EXERCISE INSTRUCTIONS ▸
An exact transcription is needed, starting at the line containing "因为当天天气寒冷,冬泳爱好者" and running through the last line of the records, with every picture left out.

GIVEN DATA ▸
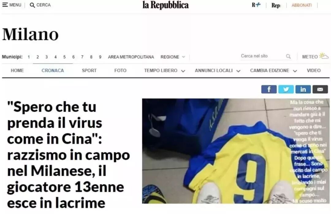 部分意大利人已把新型冠状病毒变成了对华人言语侮辱的“新词汇”,据1月27日意大利《共和国报》的报道,米兰一名13岁华人男孩Lin在一场球赛里遭到对方球员的侮辱:“希望你也像在中国染上传染病(的中国人)一样。”更糟的是对方球队教练、经理都没有上前制止,而主裁判在当时更是没有任何反应。被恶意伤害的Lin只能流着眼泪离开了赛场,退出了比赛。
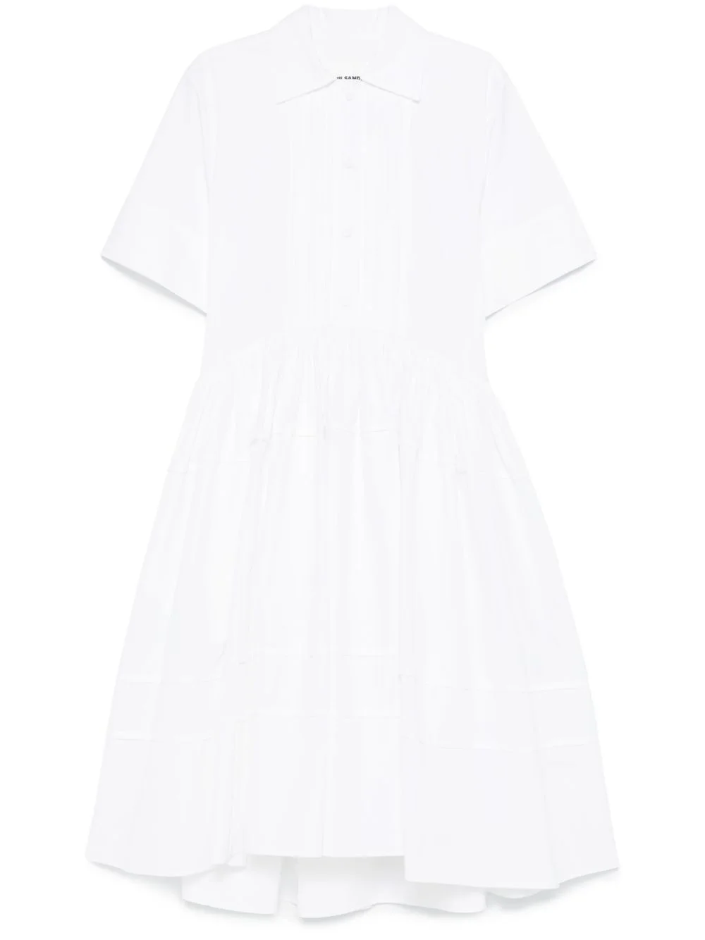 cotton midi dress Highlights - White - Front button fastening - Two side inset pockets - Classic collar - Short sleeves Made in Italy Composition Cotton 100% SIZE & FIT Model measurements Height 5 ft 10 in(1.78 m) Bust/Chest 33.85 in(86 cm) Hips 36.61 in(93 cm) Waist 26.77 in(68 cm) FittingInformation Designed to be unstructured, offering a loose fit throughout Made from a midweight non-stretch fabric
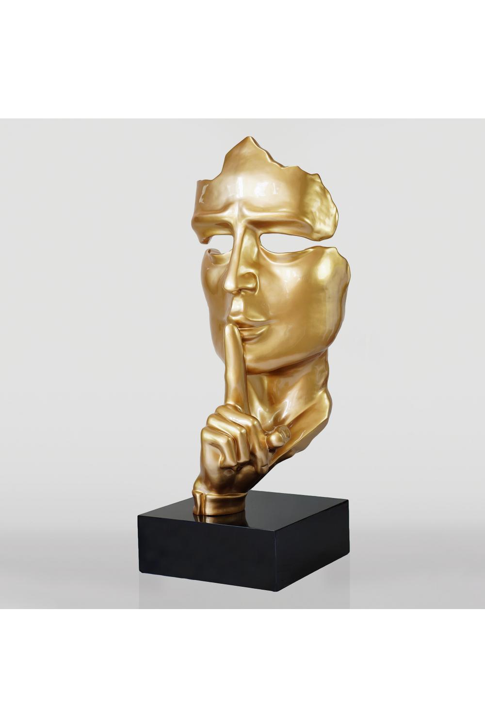 The Luxury Large Gold Mask Sculpture on Black Base embodies grandeur and refined artistry. Standing at an impressive 190 cm, this large sculpture depicts a golden face in a gesture of quiet introspection—symbolizing peace and mystery. Expertly handcrafted from high-quality PWS glass laminate, it features a lustrous metallic gold finish that contrasts beautifully against its deep black base, offering a powerful yet sophisticated visual balance.
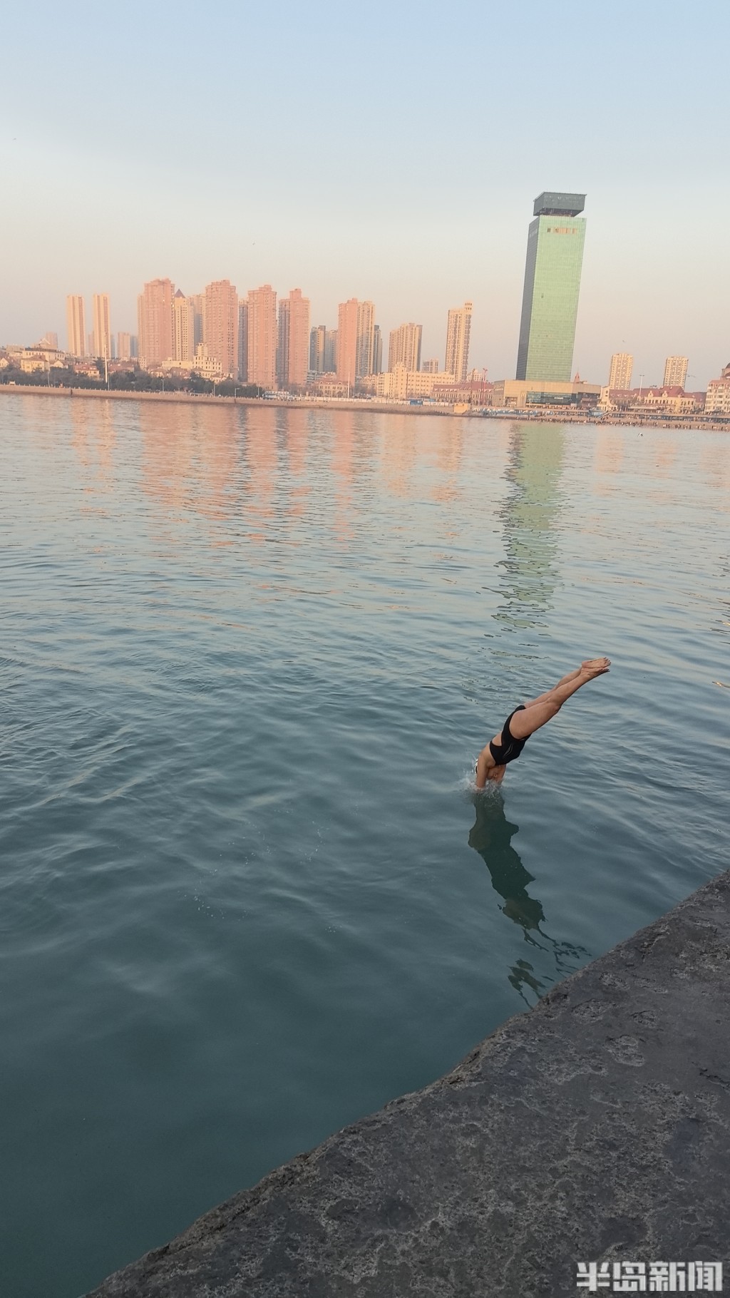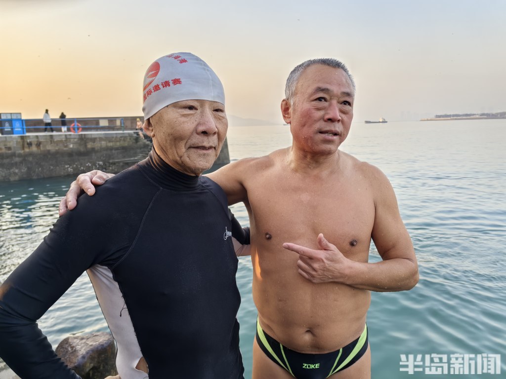 因为当天天气寒冷,冬泳爱好者们先进行了长时间的热身,66岁的邓宗平在简单热身之后就下水游泳,随后其他游泳爱好者陆续到来,只见他们穿着各种颜色和款式的泳衣,排成一队走到高台上,随后用各种各样的姿势跳入水中,附近的游客目光纷纷被吸引。由于天气寒冷,几位老人都跳了没多长时间就穿上了运动服准备跑步。据邓宗平介绍,他坚持冬泳和跳水已经二十多年了:“今天是1月1日,我们用这种方式迎接新年已经坚持十几年了,新年新气象,也是为了有个好的期望。我们好几个发小从小就在这附近玩,在这边跳水,总有种怀旧的感觉,也是为了更好的有个身体,助力全民健身。”
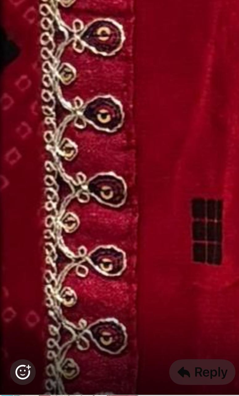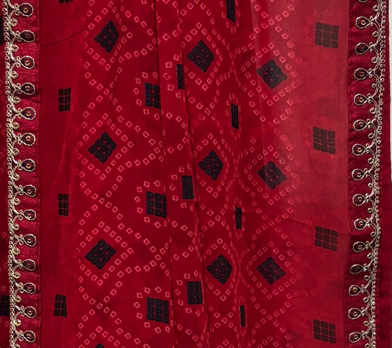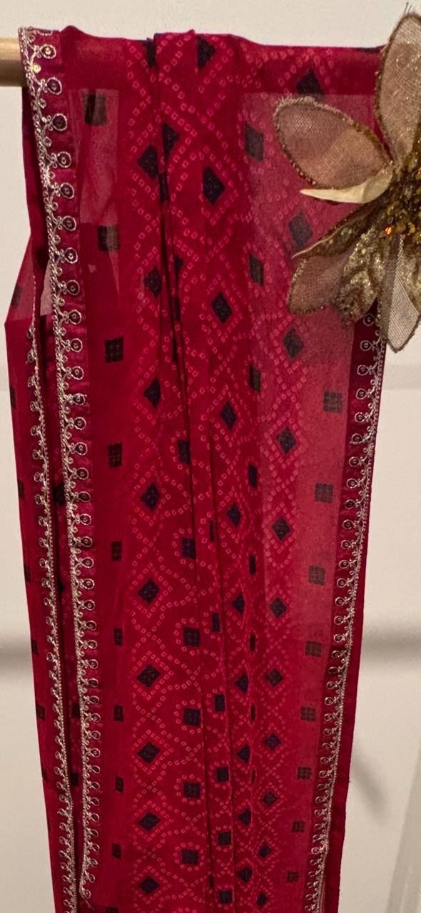 Celebrate timeless tradition with a modern twist in our Gulnaar Bandhini Pre-Draped Chiffon Georgette Saree. Featuring a rich Crimson Red base with traditional black Bandhini motifs and a delicate golden zari border, this ready-to-wear saree embodies effortless grace. Designed with an adjustable waist (24"-44"), it offers a flattering fit for all body types. Lightweight chiffon georgette ensures an elegant drape and fluid movement—ideal for festive occasions, weddings, and evening gatherings. Simply slip it on and glow with confidence—drape in a minute, dazzle all day.
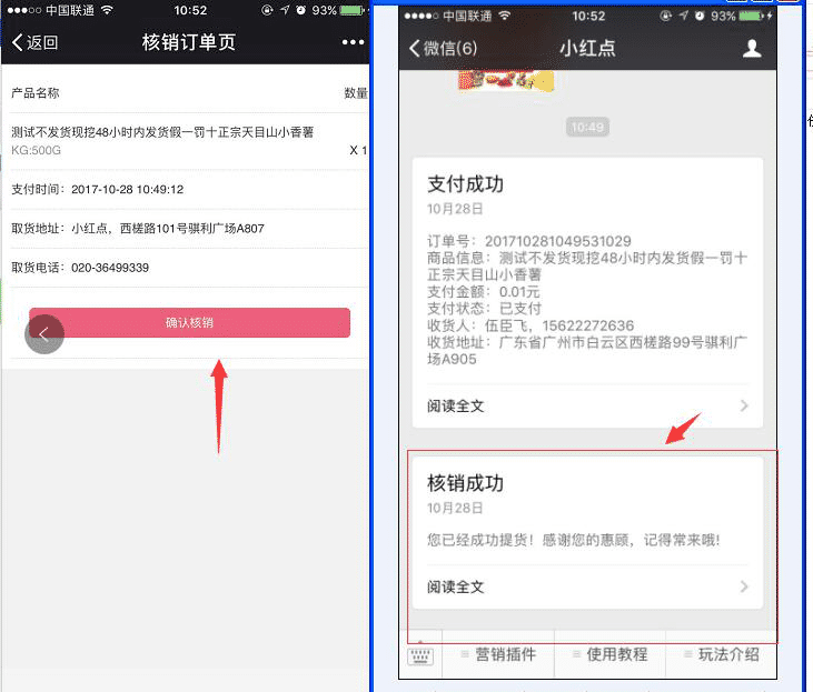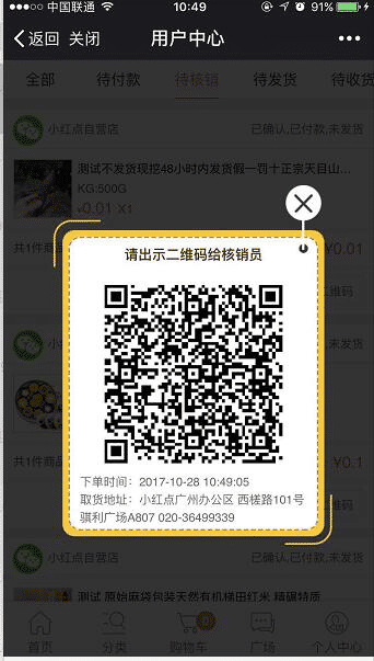 (6)商品如果运费设置中选择了自提方式,用户下单后如下图1,用绑定人员微信扫一扫就能核销,

ANSWER ▸
 因为当天天气寒冷,冬泳爱好者们先进行了长时间的热身,66岁的邓宗平在简单热身之后就下水游泳,随后其他游泳爱好者陆续到来,只见他们穿着各种颜色和款式的泳衣,排成一队走到高台上,随后用各种各样的姿势跳入水中,附近的游客目光纷纷被吸引。由于天气寒冷,几位老人都跳了没多长时间就穿上了运动服准备跑步。据邓宗平介绍,他坚持冬泳和跳水已经二十多年了:“今天是1月1日,我们用这种方式迎接新年已经坚持十几年了,新年新气象,也是为了有个好的期望。我们好几个发小从小就在这附近玩,在这边跳水,总有种怀旧的感觉,也是为了更好的有个身体,助力全民健身。”
 Celebrate timeless tradition with a modern twist in our Gulnaar Bandhini Pre-Draped Chiffon Georgette Saree. Featuring a rich Crimson Red base with traditional black Bandhini motifs and a delicate golden zari border, this ready-to-wear saree embodies effortless grace. Designed with an adjustable waist (24"-44"), it offers a flattering fit for all body types. Lightweight chiffon georgette ensures an elegant drape and fluid movement—ideal for festive occasions, weddings, and evening gatherings. Simply slip it on and glow with confidence—drape in a minute, dazzle all day.
 (6)商品如果运费设置中选择了自提方式,用户下单后如下图1,用绑定人员微信扫一扫就能核销,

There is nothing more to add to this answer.